■ Dataset records:

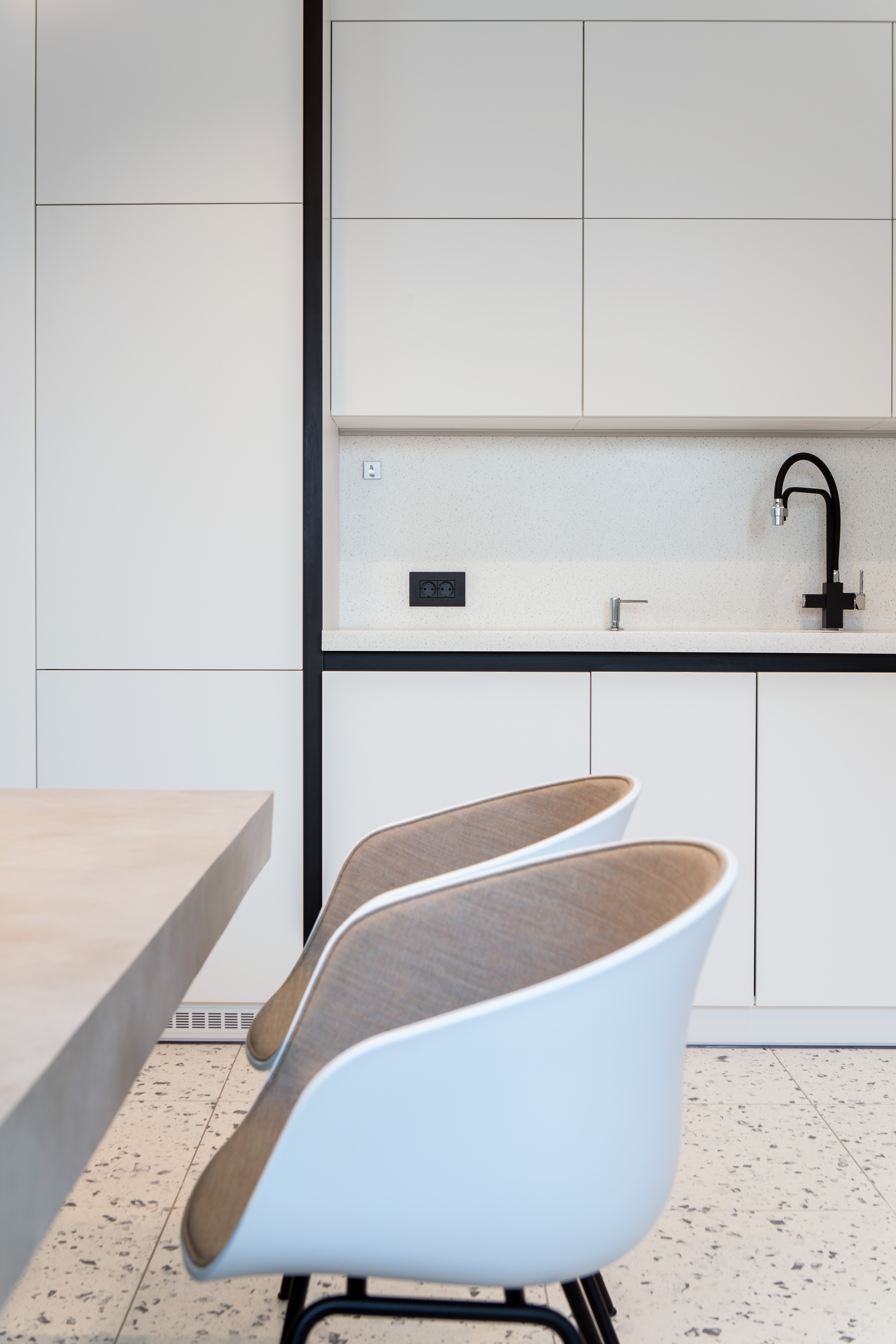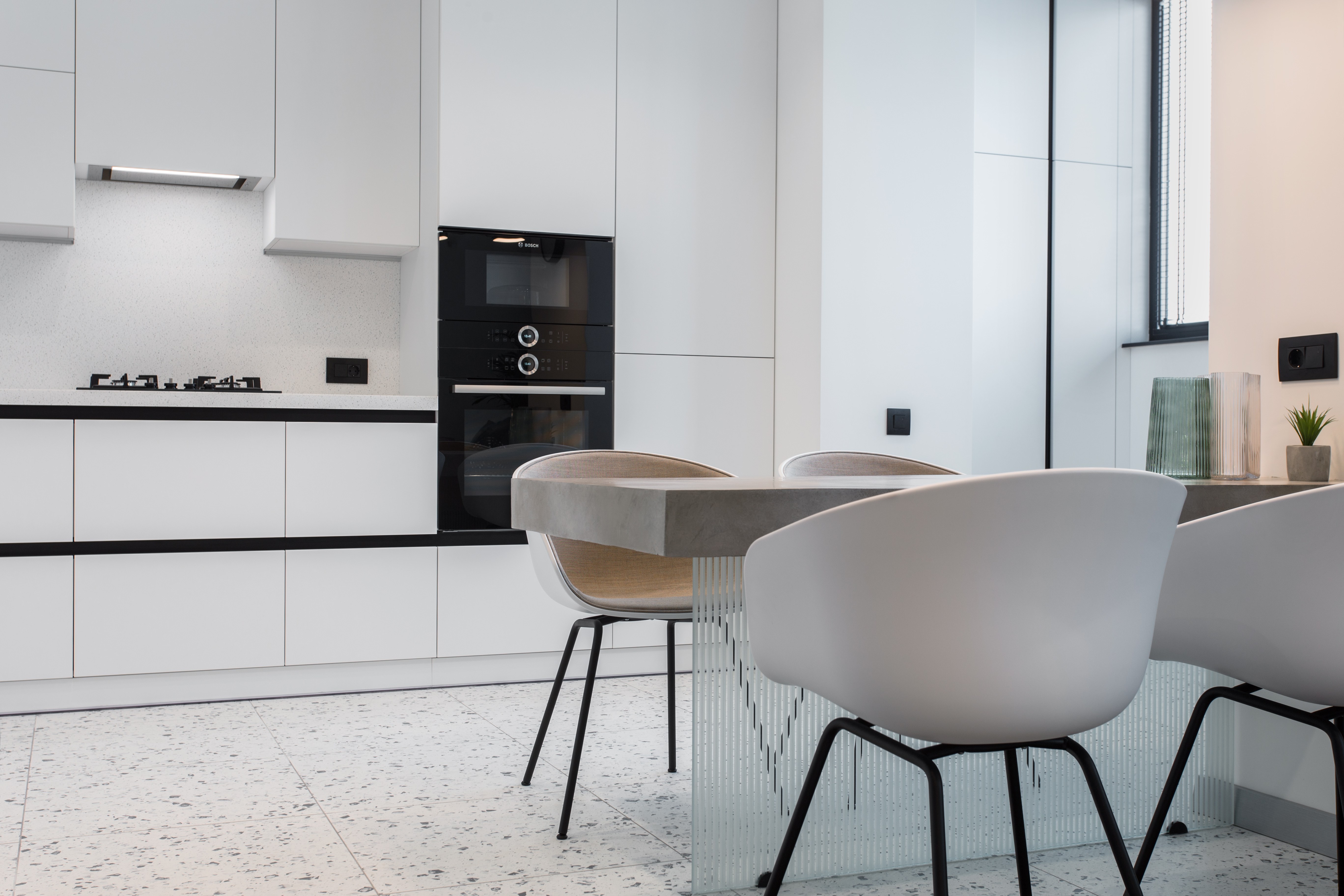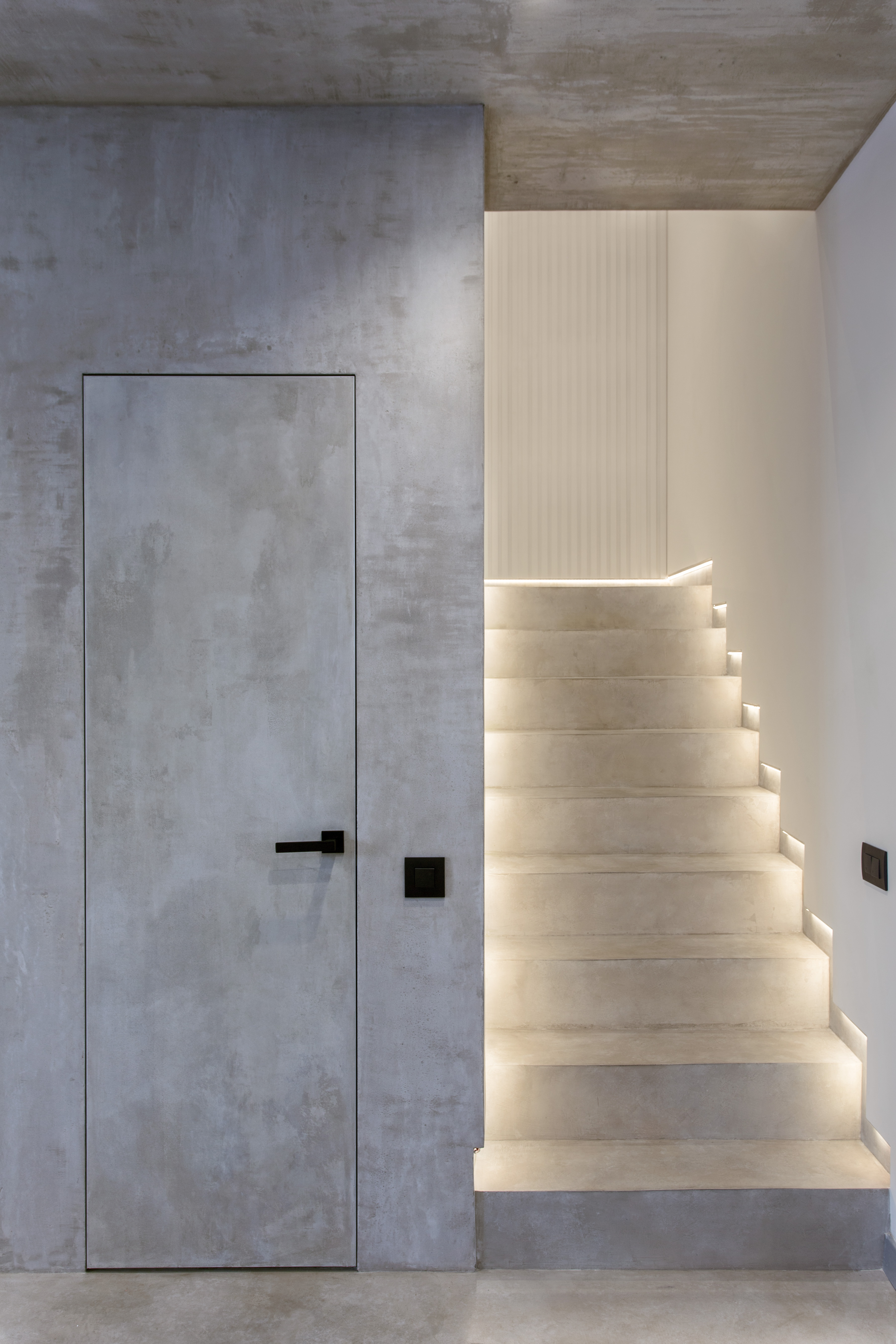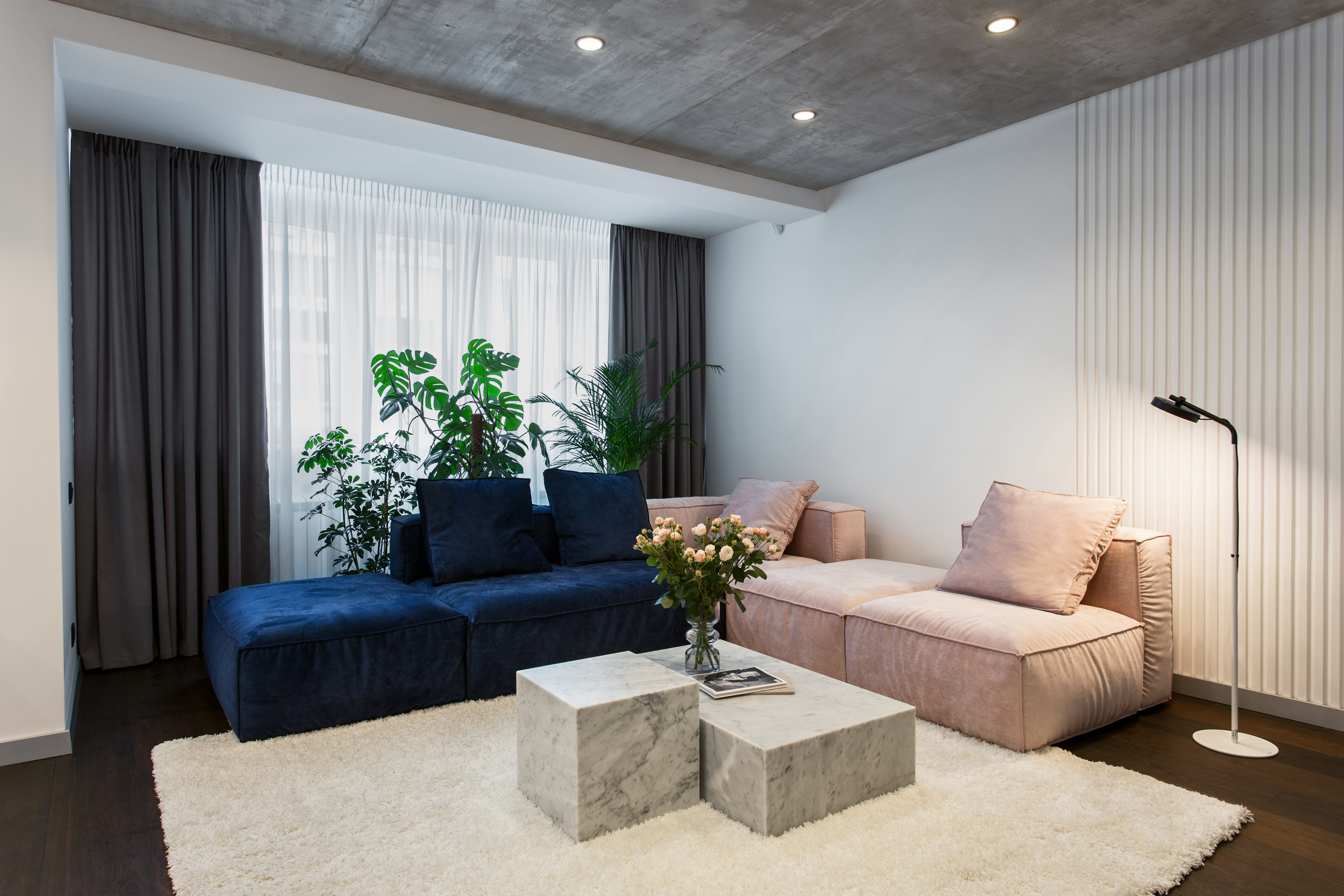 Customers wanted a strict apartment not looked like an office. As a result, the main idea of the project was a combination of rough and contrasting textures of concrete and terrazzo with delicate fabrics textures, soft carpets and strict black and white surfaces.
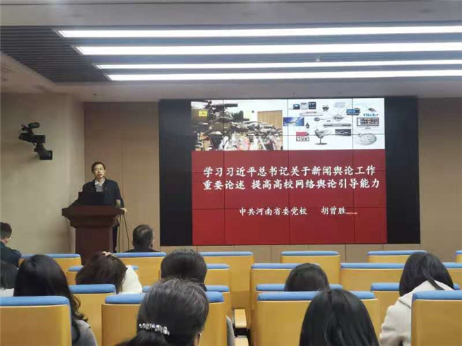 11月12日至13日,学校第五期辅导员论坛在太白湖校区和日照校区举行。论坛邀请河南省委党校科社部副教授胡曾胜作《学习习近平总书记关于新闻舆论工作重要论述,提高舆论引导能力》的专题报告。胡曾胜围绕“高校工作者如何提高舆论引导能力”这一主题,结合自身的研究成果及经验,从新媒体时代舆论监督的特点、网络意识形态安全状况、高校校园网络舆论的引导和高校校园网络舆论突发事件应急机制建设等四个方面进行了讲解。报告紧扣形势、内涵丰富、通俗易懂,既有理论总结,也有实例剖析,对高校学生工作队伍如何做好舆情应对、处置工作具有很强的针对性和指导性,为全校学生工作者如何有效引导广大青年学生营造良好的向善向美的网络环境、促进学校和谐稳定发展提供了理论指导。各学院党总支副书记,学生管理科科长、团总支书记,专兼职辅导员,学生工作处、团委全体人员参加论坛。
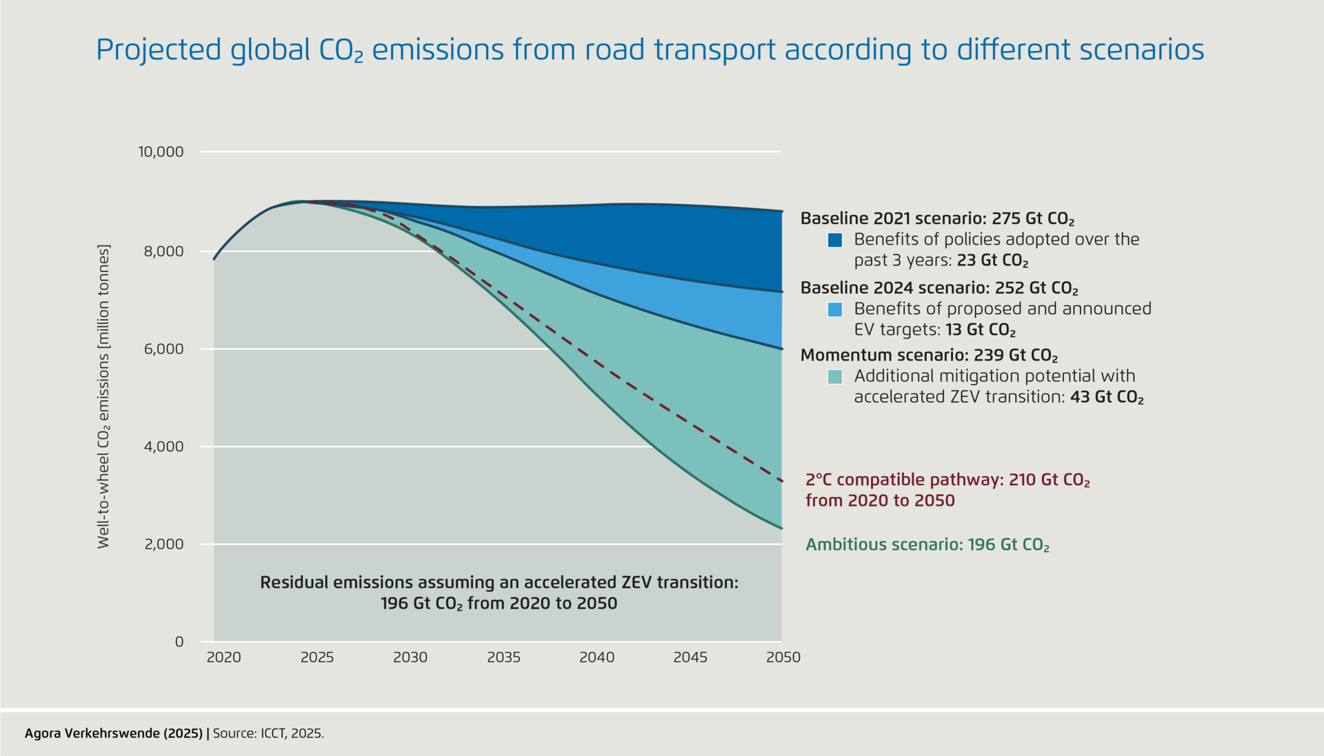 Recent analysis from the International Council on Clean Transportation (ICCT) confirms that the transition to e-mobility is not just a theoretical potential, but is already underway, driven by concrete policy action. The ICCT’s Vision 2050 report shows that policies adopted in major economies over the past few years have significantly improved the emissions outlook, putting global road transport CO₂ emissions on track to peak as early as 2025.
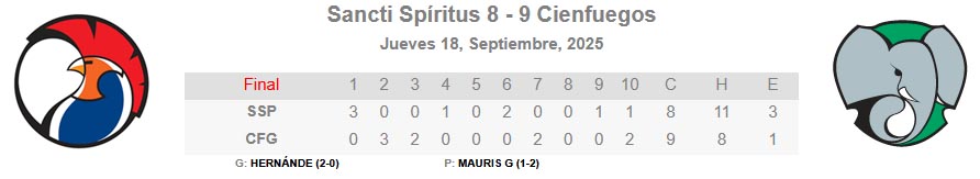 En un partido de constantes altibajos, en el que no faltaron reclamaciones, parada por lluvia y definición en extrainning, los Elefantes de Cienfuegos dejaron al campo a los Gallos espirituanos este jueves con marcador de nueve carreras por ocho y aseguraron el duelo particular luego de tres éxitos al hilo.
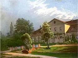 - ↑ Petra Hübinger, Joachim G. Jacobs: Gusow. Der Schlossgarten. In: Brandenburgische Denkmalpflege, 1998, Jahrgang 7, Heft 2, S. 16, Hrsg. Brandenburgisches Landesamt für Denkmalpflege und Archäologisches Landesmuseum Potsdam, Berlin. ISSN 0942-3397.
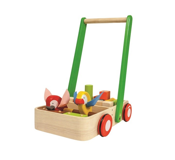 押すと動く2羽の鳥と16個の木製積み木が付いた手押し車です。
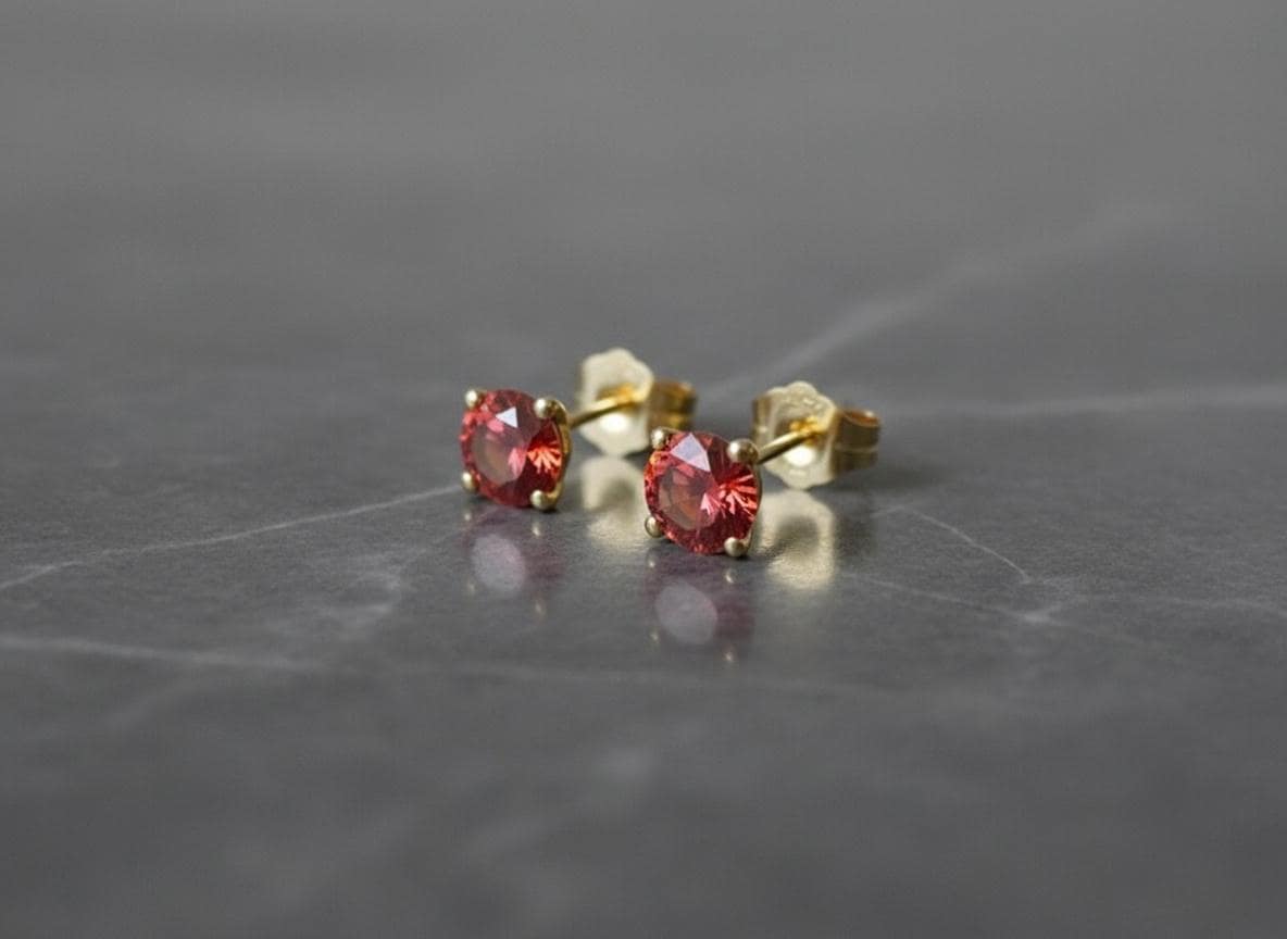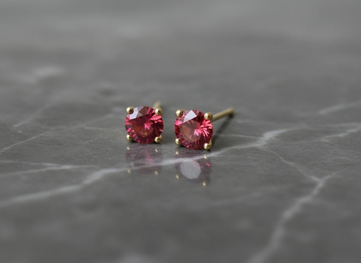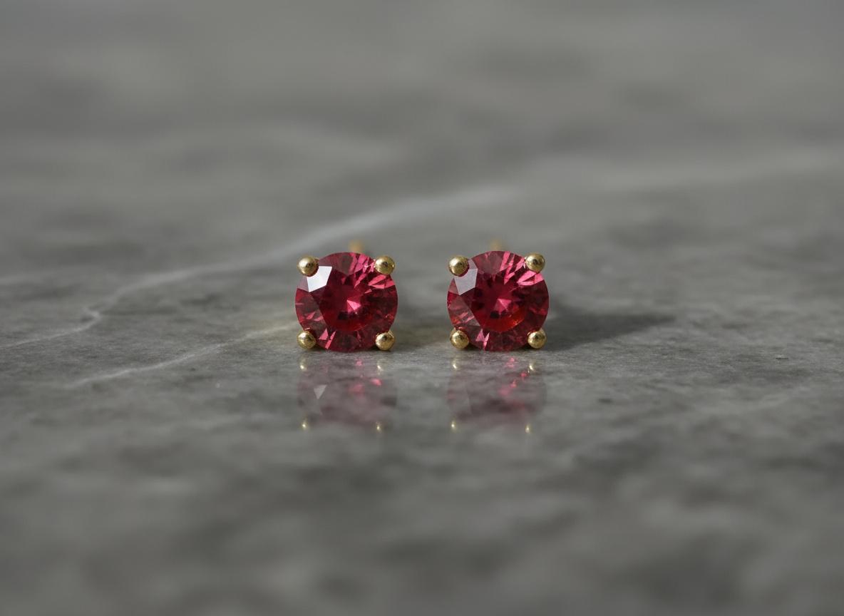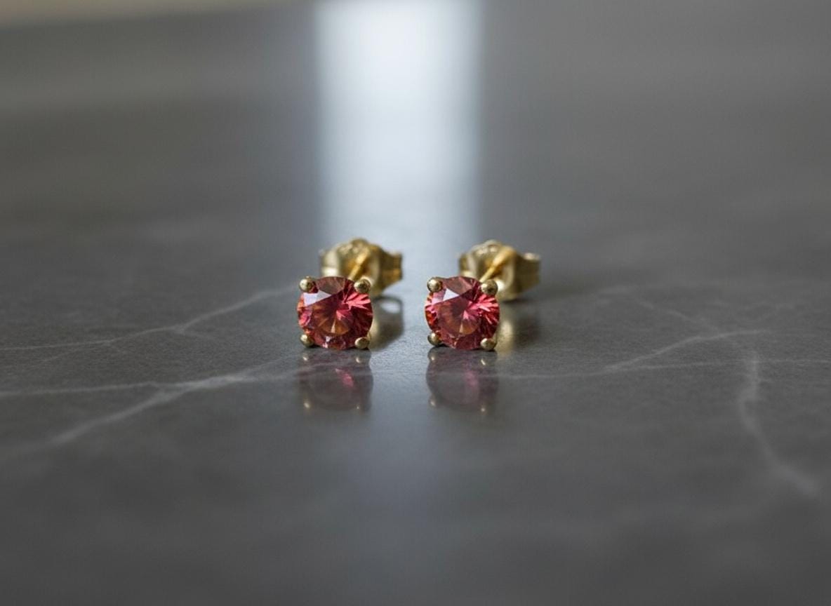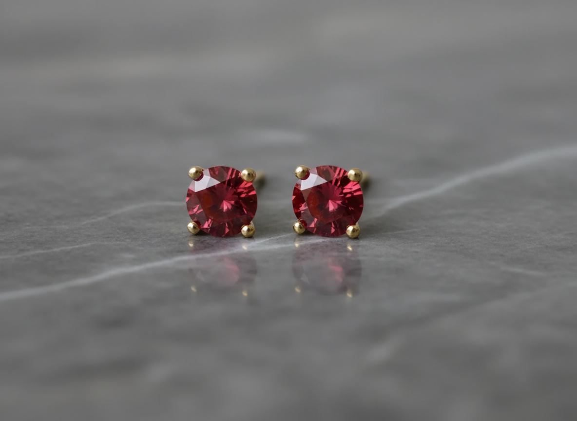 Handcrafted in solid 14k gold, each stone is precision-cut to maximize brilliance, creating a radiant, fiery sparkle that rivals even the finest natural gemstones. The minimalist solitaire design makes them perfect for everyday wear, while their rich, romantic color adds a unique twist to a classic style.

■ Aim of the task: Your copy should restate every record word for word and contain no pictures.

■ Written answer:
 Customers wanted a strict apartment not looked like an office. As a result, the main idea of the project was a combination of rough and contrasting textures of concrete and terrazzo with delicate fabrics textures, soft carpets and strict black and white surfaces.
 11月12日至13日,学校第五期辅导员论坛在太白湖校区和日照校区举行。论坛邀请河南省委党校科社部副教授胡曾胜作《学习习近平总书记关于新闻舆论工作重要论述,提高舆论引导能力》的专题报告。胡曾胜围绕“高校工作者如何提高舆论引导能力”这一主题,结合自身的研究成果及经验,从新媒体时代舆论监督的特点、网络意识形态安全状况、高校校园网络舆论的引导和高校校园网络舆论突发事件应急机制建设等四个方面进行了讲解。报告紧扣形势、内涵丰富、通俗易懂,既有理论总结,也有实例剖析,对高校学生工作队伍如何做好舆情应对、处置工作具有很强的针对性和指导性,为全校学生工作者如何有效引导广大青年学生营造良好的向善向美的网络环境、促进学校和谐稳定发展提供了理论指导。各学院党总支副书记,学生管理科科长、团总支书记,专兼职辅导员,学生工作处、团委全体人员参加论坛。
 Recent analysis from the International Council on Clean Transportation (ICCT) confirms that the transition to e-mobility is not just a theoretical potential, but is already underway, driven by concrete policy action. The ICCT’s Vision 2050 report shows that policies adopted in major economies over the past few years have significantly improved the emissions outlook, putting global road transport CO₂ emissions on track to peak as early as 2025.
 En un partido de constantes altibajos, en el que no faltaron reclamaciones, parada por lluvia y definición en extrainning, los Elefantes de Cienfuegos dejaron al campo a los Gallos espirituanos este jueves con marcador de nueve carreras por ocho y aseguraron el duelo particular luego de tres éxitos al hilo.
 - ↑ Petra Hübinger, Joachim G. Jacobs: Gusow. Der Schlossgarten. In: Brandenburgische Denkmalpflege, 1998, Jahrgang 7, Heft 2, S. 16, Hrsg. Brandenburgisches Landesamt für Denkmalpflege und Archäologisches Landesmuseum Potsdam, Berlin. ISSN 0942-3397.
 押すと動く2羽の鳥と16個の木製積み木が付いた手押し車です。
 Handcrafted in solid 14k gold, each stone is precision-cut to maximize brilliance, creating a radiant, fiery sparkle that rivals even the finest natural gemstones. The minimalist solitaire design makes them perfect for everyday wear, while their rich, romantic color adds a unique twist to a classic style.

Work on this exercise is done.